About three to four years into investing, I was incorporating it into my strategies. These days I use only technical analysis for selected actions and positions that I'm not gunning for the long term, such as selling short tenure options.
Other things I look out for in a fundamentally strong company is that it has to be cashflow generating, while looking at the management such as the chief executive's character and management remuneration. It also has to be efficient in generation of returns, so I look at the return on equity.
Q What's in your portfolio?
A In the last 12 months, I received an estimated $70,000 in terms of dividends, capital gains that were cashed out and option premiums.
I still put my money into my stock account but not directly into equity. I've been very conservative in the recent one to two years, opting to build a war chest for what's coming, and I'm holding mostly cash right now.
I'm extremely selective in what I buy into in this current climate and have sold most of my previous portfolio - which used to be a mix of US stocks and options that generated about 16 per cent in 2015.
Investors probably shouldn't be putting their money all in at this time. I'm currently holding three counters, one in the United States and two in Singapore.
One is footwear company Skechers USA that I bought at US$27.50. It was at US$24.60 in May, and it's about US$27.17 now.
NOT GOING FOR LONG-TERM POSITIONS
Being selective, if I invest now, the business must be incredibly good or show certain short-term upsides. I'm not going for too many long-term positions, unless I'm worried I won't be able to get back the stock at the current price.
DOCTOR DANIEL KAO, on his immediate investment plans.
I am gunning for the long term and I believe there is significant upside potential for this business.
Q What does money mean to you?
A Money to me is a means to buy time with my family and people I love in my life.
Q What's the most extravagant thing you have done?
A Travelling to Iceland for two weeks with my wife and two other friends. It was about $7,000 to $8,000 for each person.
I did it because I love nature, the cold and quietness. I'm a huge introvert and dislike crowded places. Iceland is really very beautiful, it was like a dream.
My wife and I still talk about it till today.
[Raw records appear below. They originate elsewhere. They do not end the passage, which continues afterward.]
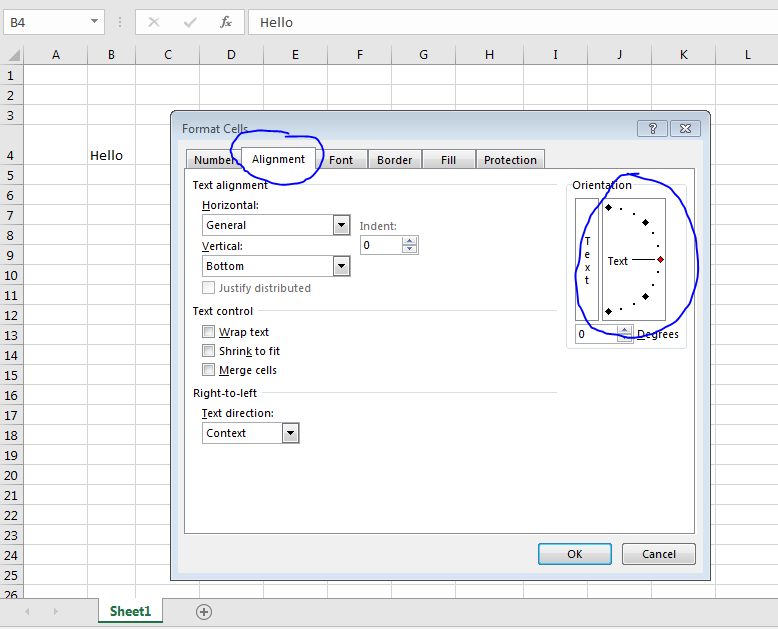 - Under the 'Alignment' Tab, you would see the encircled 'Text' with a line
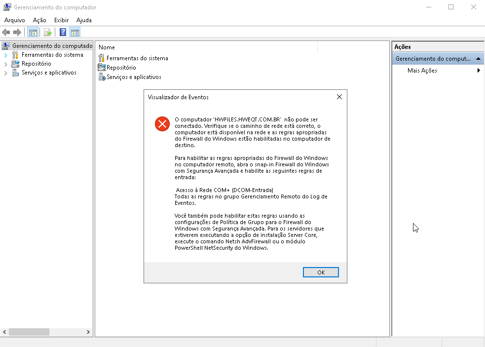 Após realizar o login em um cliente windows c/ administrator, conectar ao servidor de arquivos em Gerenciar Computador pelo RSAT ... apresenta mensagem de erro, uma janela "Visualizador de Eventos" O computador não pode ser conectado. Print está em anexo.
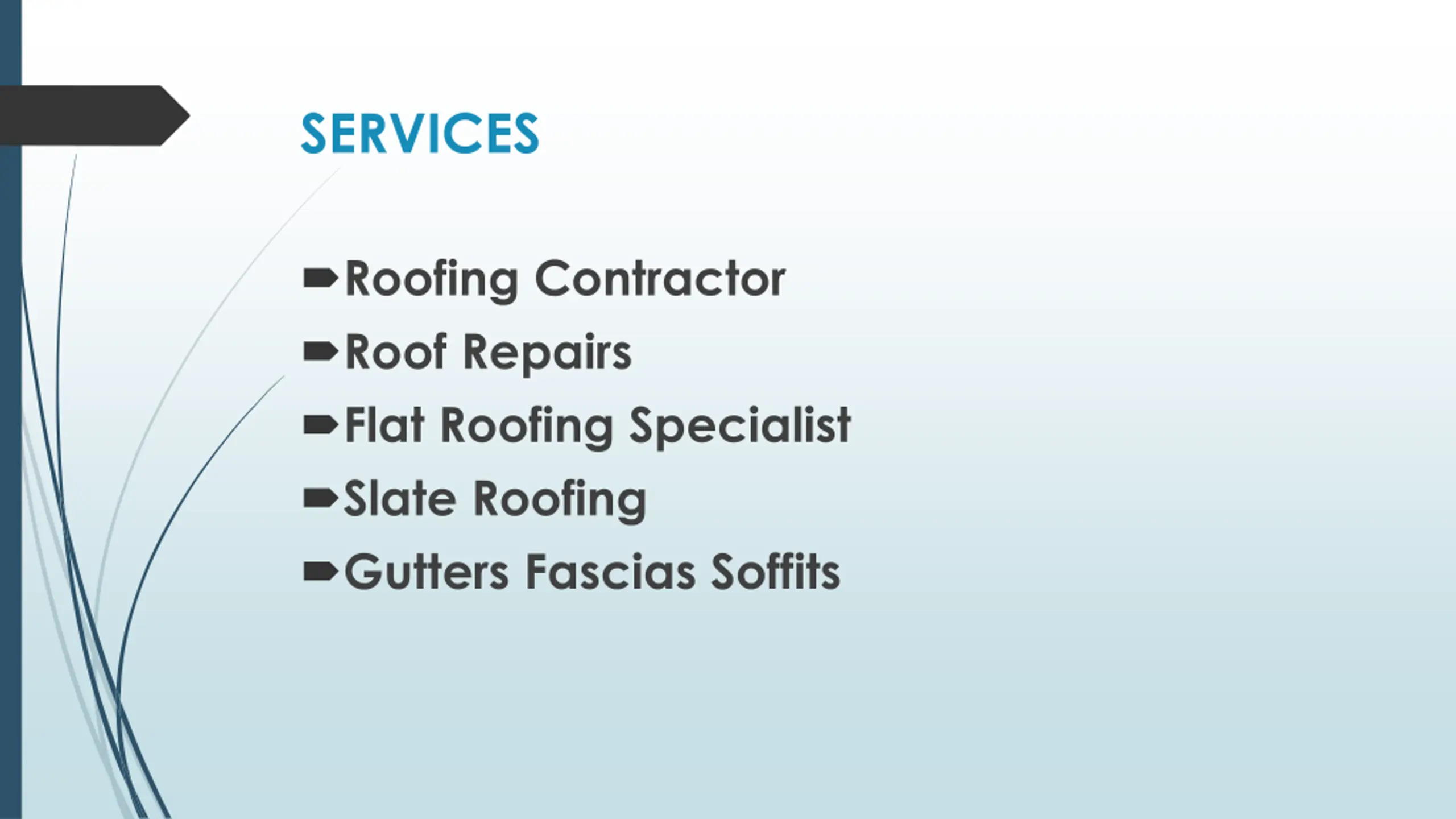SERVICES Roofing Contractor Roof Repairs Flat Roofing Specialist Slate Roofing Gutters Fascias Soffits
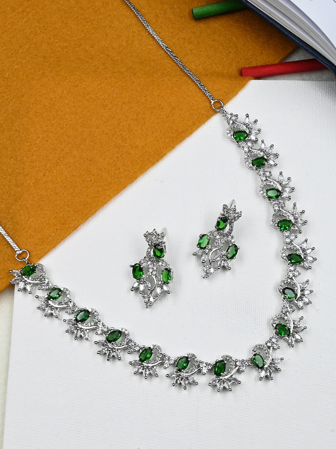 American Diamond necklace set, Sleek necklace, Minimalist jewelry, Special occasion jewelry, earrings, Modern necklace, Elegant jewelry, Fashionable necklace, Dainty earrings, Sophisticated jewelry, CZ stones, Special occasion necklace, STILEADDA
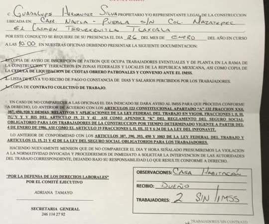 Mediante una denuncia anónima, se dio a conocer un documento de un sindicato de Apizaco que estafaba a los constructores del municipio.
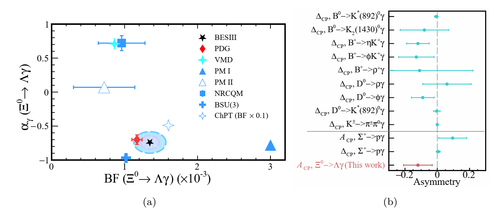 Figure: (a) Comparison of the BESIII measurement of the decay asymmetry parameter and branching fraction for Ξ0→Λγ with various theoretical predictions. (b) Summary of CP asymmetry measurements in weak radiative decays of mesons and baryons.

I believe that paying for experiences is something that is worth it because it forms memories with the people you love!
Q What are your immediate investment plans?
A I've an investment amount of $300,000 to $400,000 set aside to go into the stock markets once the opportunity arises.
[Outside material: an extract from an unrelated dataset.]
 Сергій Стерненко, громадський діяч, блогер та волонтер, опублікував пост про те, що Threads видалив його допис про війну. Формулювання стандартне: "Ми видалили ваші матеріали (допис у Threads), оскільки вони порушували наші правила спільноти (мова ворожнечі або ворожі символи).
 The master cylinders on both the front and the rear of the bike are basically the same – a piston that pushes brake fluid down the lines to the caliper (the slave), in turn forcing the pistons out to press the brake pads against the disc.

Being selective, if I invest now, the business must be incredibly good or show certain short-term upsides. I'm not going for too many long-term positions, unless I'm worried I won't be able to get back the stock at the current price. My priority is to keep the capital available for larger opportunities to come.
I'm aiming for small-cap companies that display high growth properties. High growth stocks are often expensive, and for good reason as you are paying for intangibles in the business model. I'm hoping to pick them up when the market crashes.
Q How are you planning for retirement?
A Retirement is something I've thought of, but I realised I'd rather carry on doing what I'm doing. I love to speak, teach and be part of businesses either as an investor or entrepreneur. However, I would love the opportunity to travel and stay in quiet, temperate and mountainous areas when I'm old.